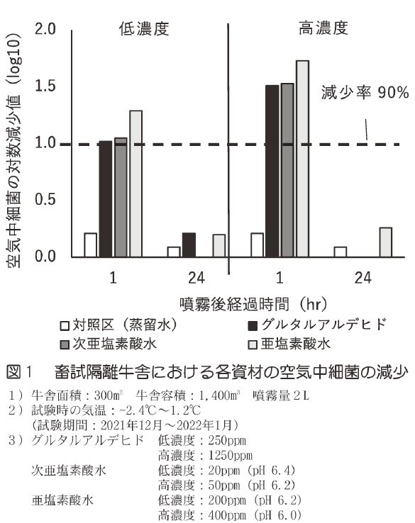 1)冬季の牛舎において従来から使用されているグルタルアルデヒドおよび代替資材として安全性の高い次亜塩素酸水と亜塩素酸水の煙霧消毒を実施し、空気中細菌に対する殺菌効果を検証する。
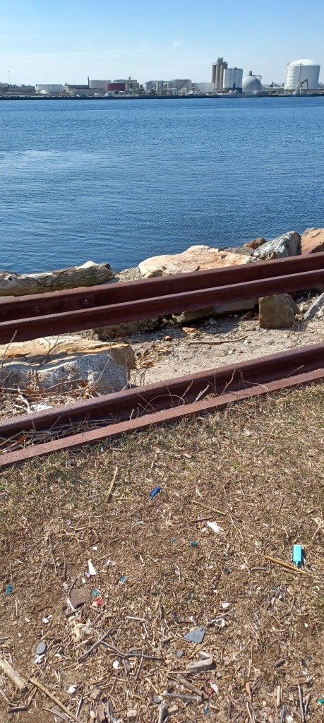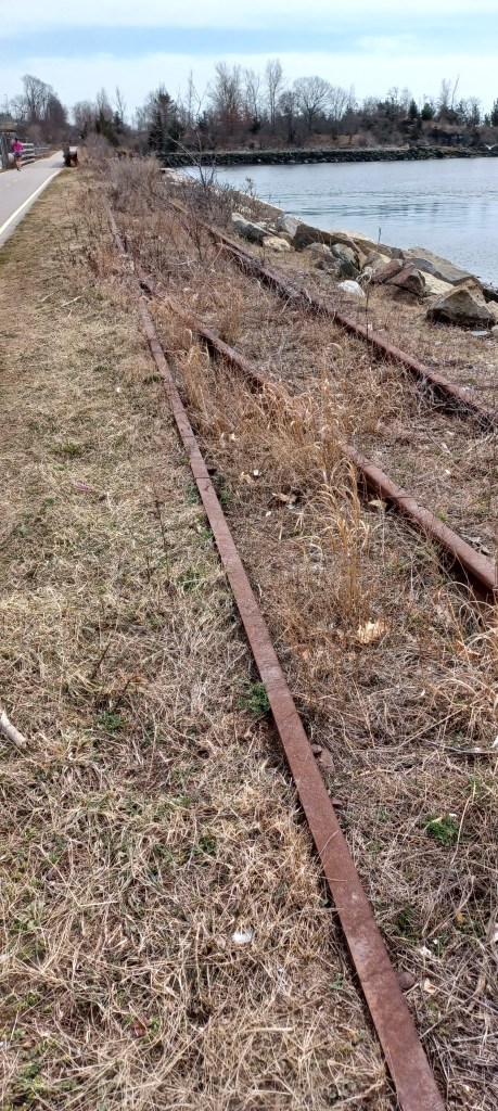 We walked along the northern end of the path, beginning at one of several paved parking areas along Veterans Memorial Parkway in East Providence. Right along the shoreline of Narragansett Bay are metal tracks that once carried train traffic alongside the bay. Lying where they were placed along a raised, 12-15 foot wide level surface, the rails run next to the paved bike path.
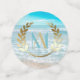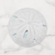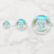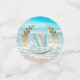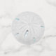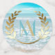 Plage Mariage ou Table d'Événement Confetti | Matches Moderne Monogram Beach Wedding Invitation | Dollar de sable blanc d'un côté et de l'arrière Une approche ludique de la typographie dans le texte - avec initiales de mariée et de chambre entourées d'une couronne de laurier sur le dessus - en deux couleurs (turquoise et or) - Mariage unique conçu pour le BarefootBride™ par ©WhimsicalArtwork™
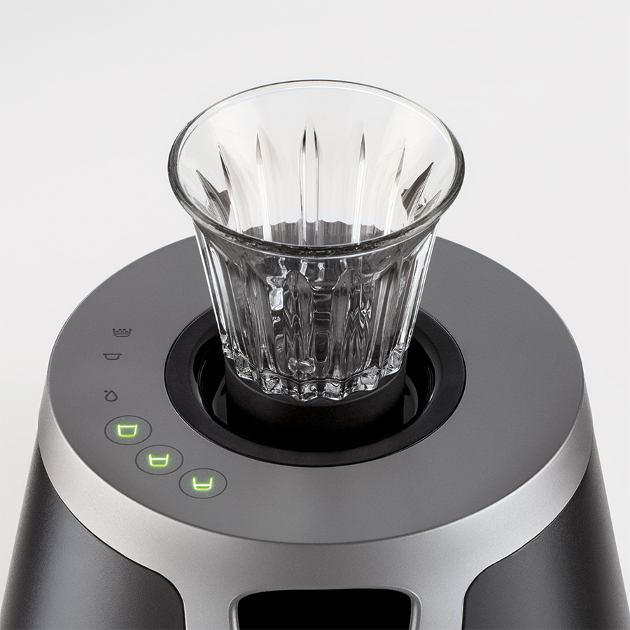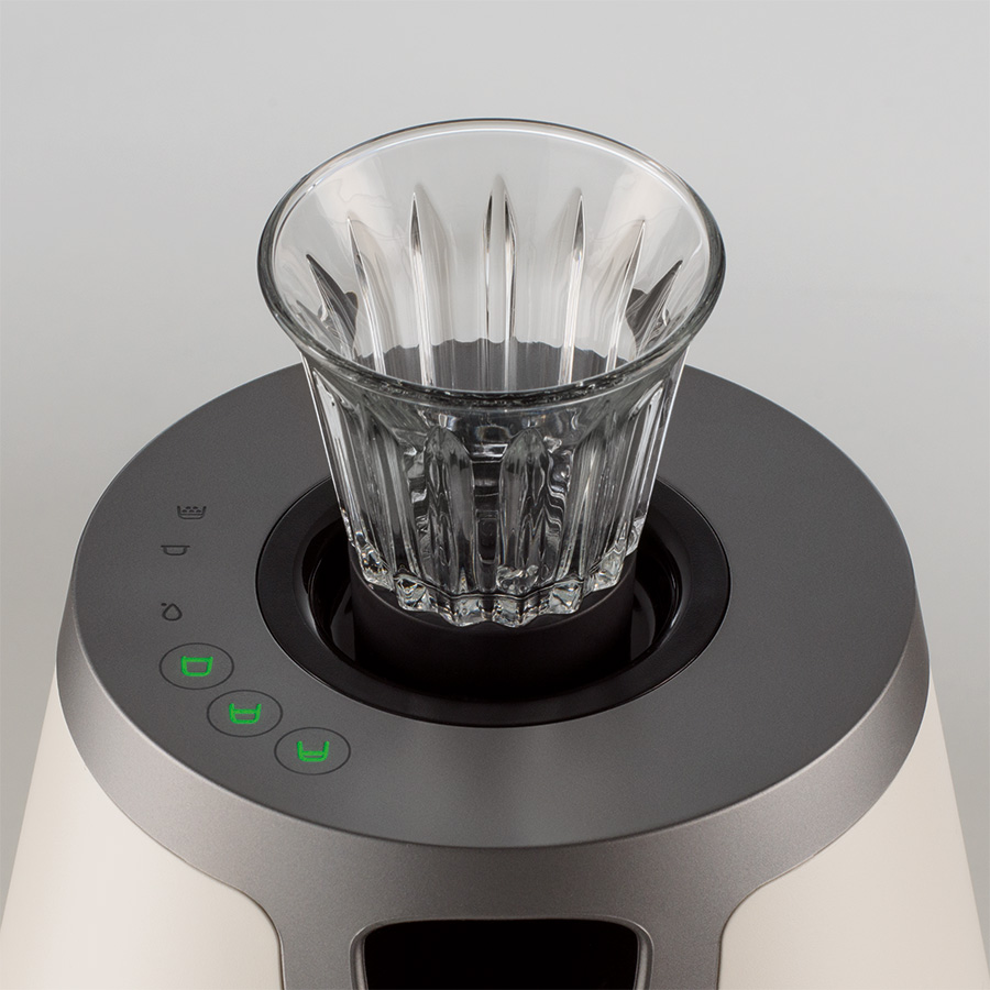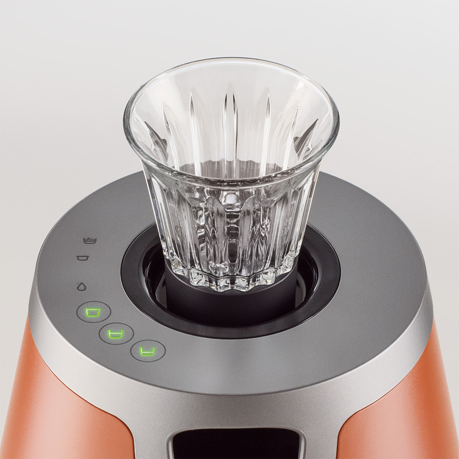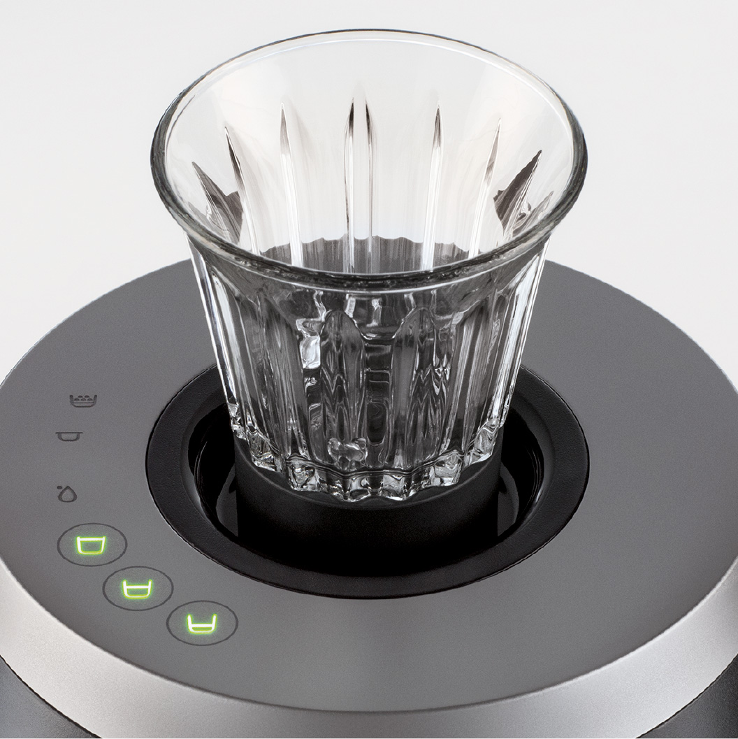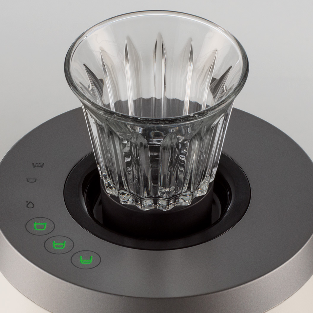 para a injeção do café pela base do copo.
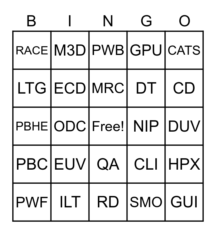 This bingo card has a free space and 59 words: EBO, ILT, OPC, PBC, SMO, Ml, ECD, OSIR, DT, MLO, GPU, NPTD, LTG, SEG, CDMG, RACE, GUI, CATS, DRS, MRC, NIP, PWB, PWF, HPX, T1ZD, SNPS, EPE, NILS, CD, MEEF, PRD, FS, DNT, PDA, M3D, R3D, M13, ODC, MTO, PBHE, GAD, EUV, DUV, PCA, V6, RBAF, MBAF, PE, QA, RD, TAM, TRM, EOU, PV, RPM, CLI, BKM, GDS and PMB.
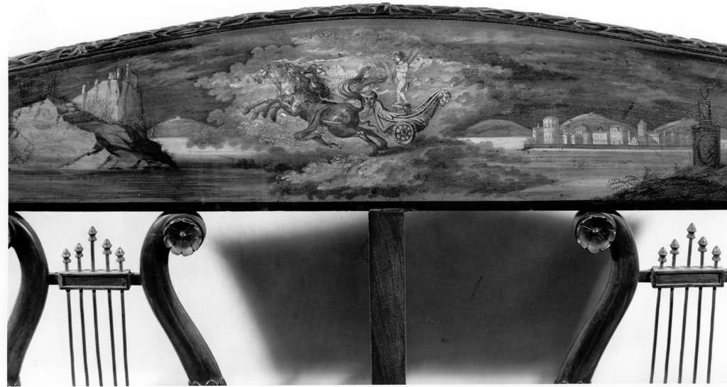 Divanetto in stile Luigi XVI, con sei gambe, sedile coperto in seta e schienale intagliato a doppia lira e dipinto con la raffigurazione di Cupido su un carro trainato da due cavalli in un paesaggio marino
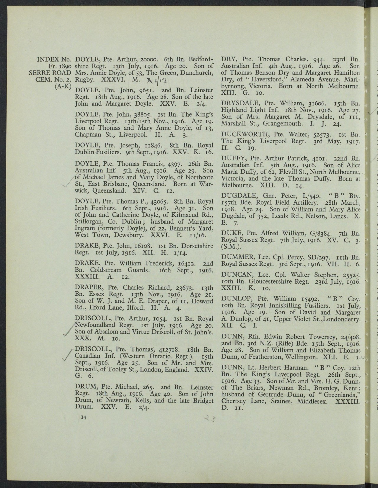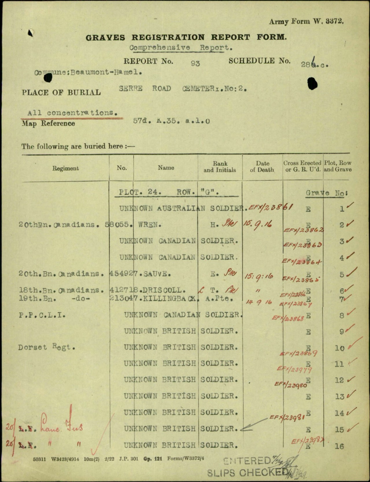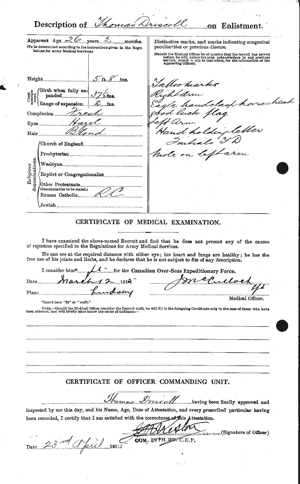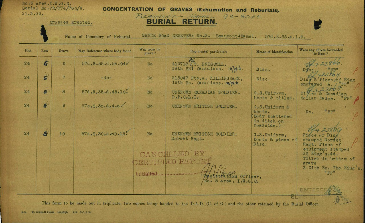 Family Search: Private Thomas Driscoll was born on 16 January 1889, in London, England, United Kingdom as the son of Father Driscoll and Mary Driscoll. He immigrated to Canada in 1913. He registered for military service in 1916. In 1916, at the age of 27, his occupation is listed as butcher. He died on 15 September 1916, in Courcelette, Somme, Picardie, France, at the age of 27, and was buried in Beaumont-Hamel, Somme, Picardie, France.
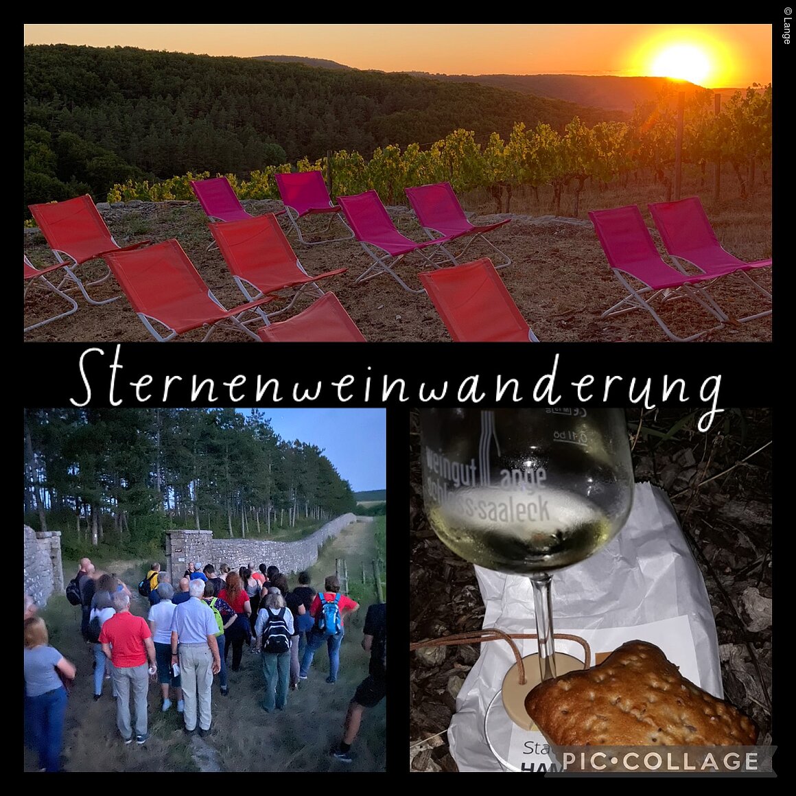 Zusammen mit dem Sternenführer wandern wir durch Flur und historischen Weinberge am Saalecker Schlossberg. Wir bekommen viele Informationen über Sterne und Sternenbilder und genießen verschiedene Weine. Am historischen Weinbergshaus setzen wir uns an auf kleine Liegen oder auf mitgebrachte Decken und beobachten mit einem Glas Wein in der Hand die Sternschnuppen des Laurentius.
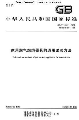 家用燃?xì)馊紵骶叩耐ㄓ迷囼?yàn)方法GB/T 16411-2023
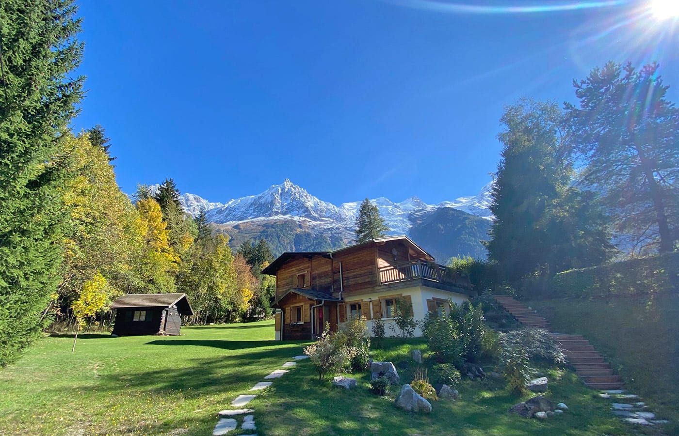 Jardin vue Mont-Blanc et la majestueuse de l’Aiguille du midi.
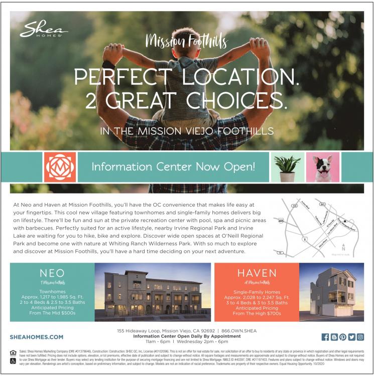 PERFECT LOCATION. 2 GREAT CHOICES. IN THE MISSION VIEJO FOOTHILLS Information Center Now Open!155 Hideaway Loop, Mission Viejo, CA 92692 | 866.OWN.SHEA Information Center Open Daily By Appointment 11am - 6pm l Wednesday 2pm - 6pm Sales: Shea Homes Marketing Company (DRE #01378646), Construction: Construction: SHSC GC, Inc, License (#0102096). This is not an offer for real estate for sale, nor solicitation of an offer to buy to residents of any state or province in which registration and other legal requirements have not been fulfilled. Pricing does not include options, elevation, or lot premiums, effective date of publication and subject to change without notice. All square footages and measurements are approximate and subject to change without notice. Buyers of Shea Homes are not required to use Shea Mortgage as their lender.Buyers may select any lending institution for the purpose of securing mortgage financing and are not limited to Shea Mortgage. NMLS ID #40397, DRE #01197403. Features and plans subject to change without notice. Windows and doors may varyper elevation. Renderings are artist’sconception, based on preliminaryinformation, and subject to change. Models are notanindication of racial preference. Trademarks are property of their respectiveowners. Equal Housing Opportunity. 10/2020
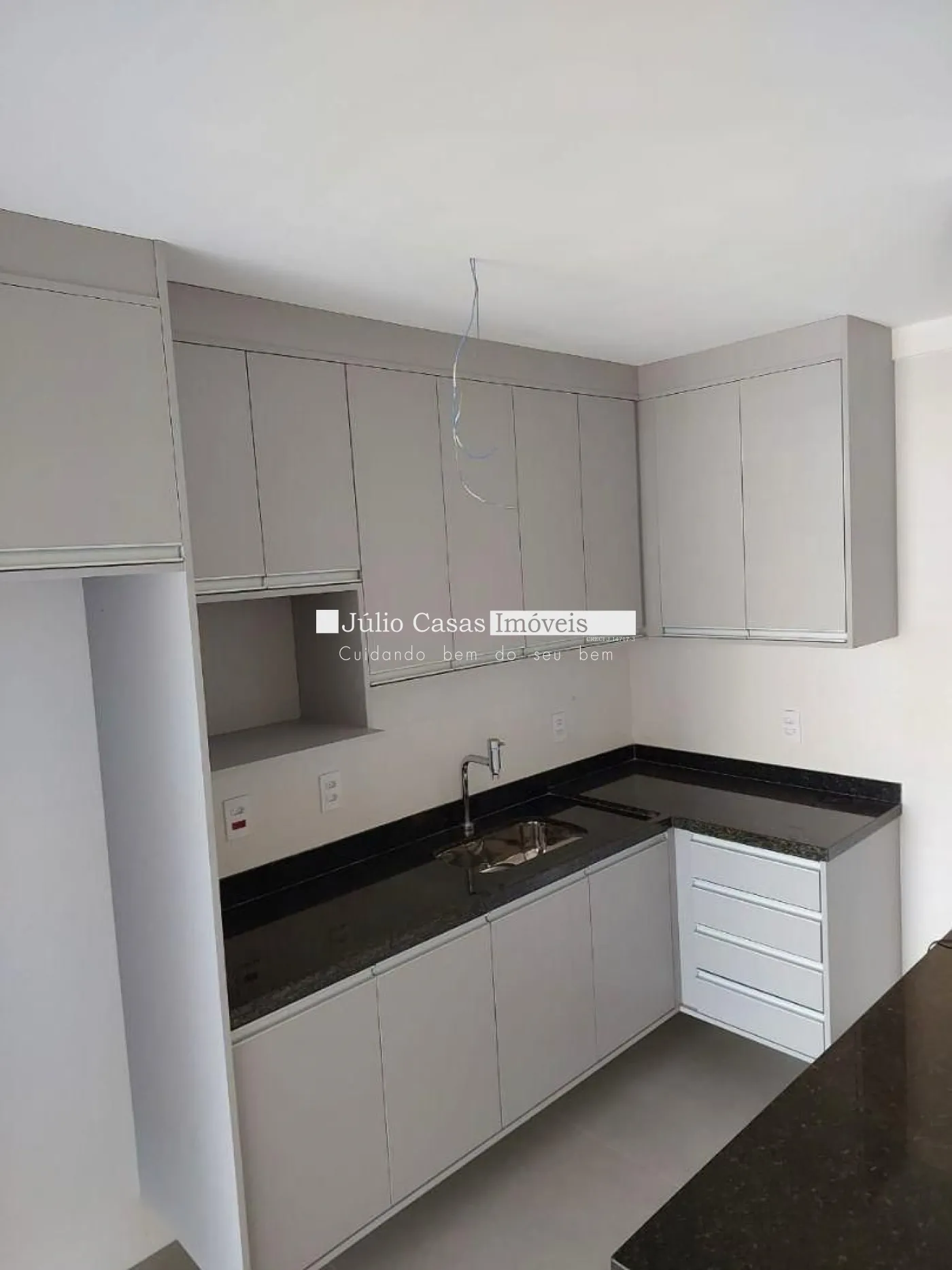 Novíssimo apartamento com uma sala 2 ambientes com varanda integrada e cozinha americana, toda em piso porcelanato e com instalação para Split, 2 dormitórios sendo 1 suíte, dormitórios com instalação para Split, banheiro social e lavanderia. 2 vagas de garagem coberta e demarcadas
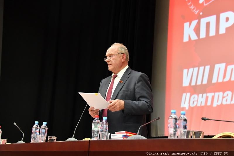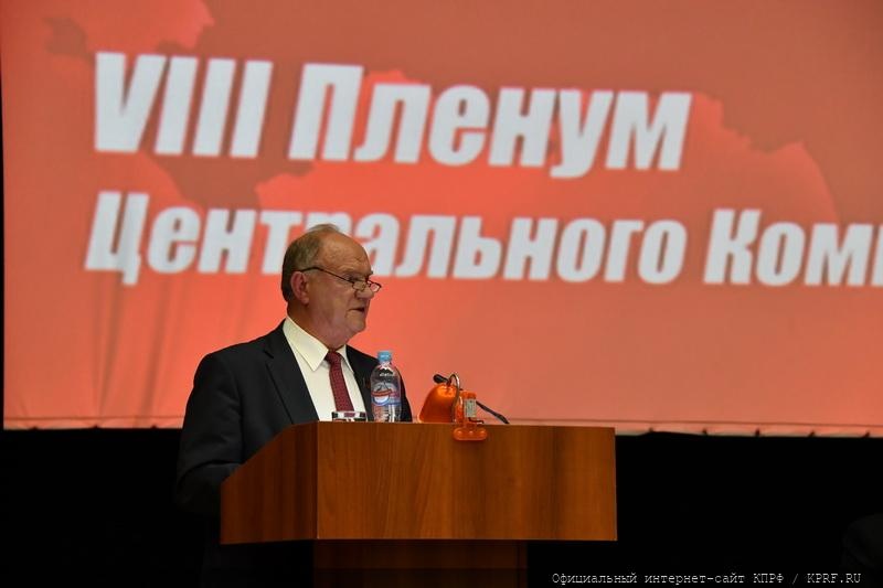 На этом церемония открытия VIII (июньского) Пленума ЦК КПРФ завершилась. Слово для основного доклада было предоставлено Председателю ЦК КПРФ Г.А. Зюганову.
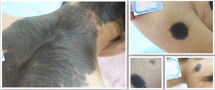 外科治疗: 一是采用将病损区皮肤磨去,或将病损区皮肤切除,较后植皮。这种治疗方法无疑会留下明显的瘢痕,如果植皮,所植的皮肤会非常不自然,即使较成功的手术,治疗的结果看上去尤如脸上“打了一个补丁”一样。

# [Exercise aim]
In the listing above, find the line with "Zusammen mit dem" and the line with "Jardin vue Mont-Blanc". Copy exactly those lines and all between them, minus the images.

# [Expected output]
 Zusammen mit dem Sternenführer wandern wir durch Flur und historischen Weinberge am Saalecker Schlossberg. Wir bekommen viele Informationen über Sterne und Sternenbilder und genießen verschiedene Weine. Am historischen Weinbergshaus setzen wir uns an auf kleine Liegen oder auf mitgebrachte Decken und beobachten mit einem Glas Wein in der Hand die Sternschnuppen des Laurentius.
 家用燃?xì)馊紵骶叩耐ㄓ迷囼?yàn)方法GB/T 16411-2023
 Jardin vue Mont-Blanc et la majestueuse de l’Aiguille du midi.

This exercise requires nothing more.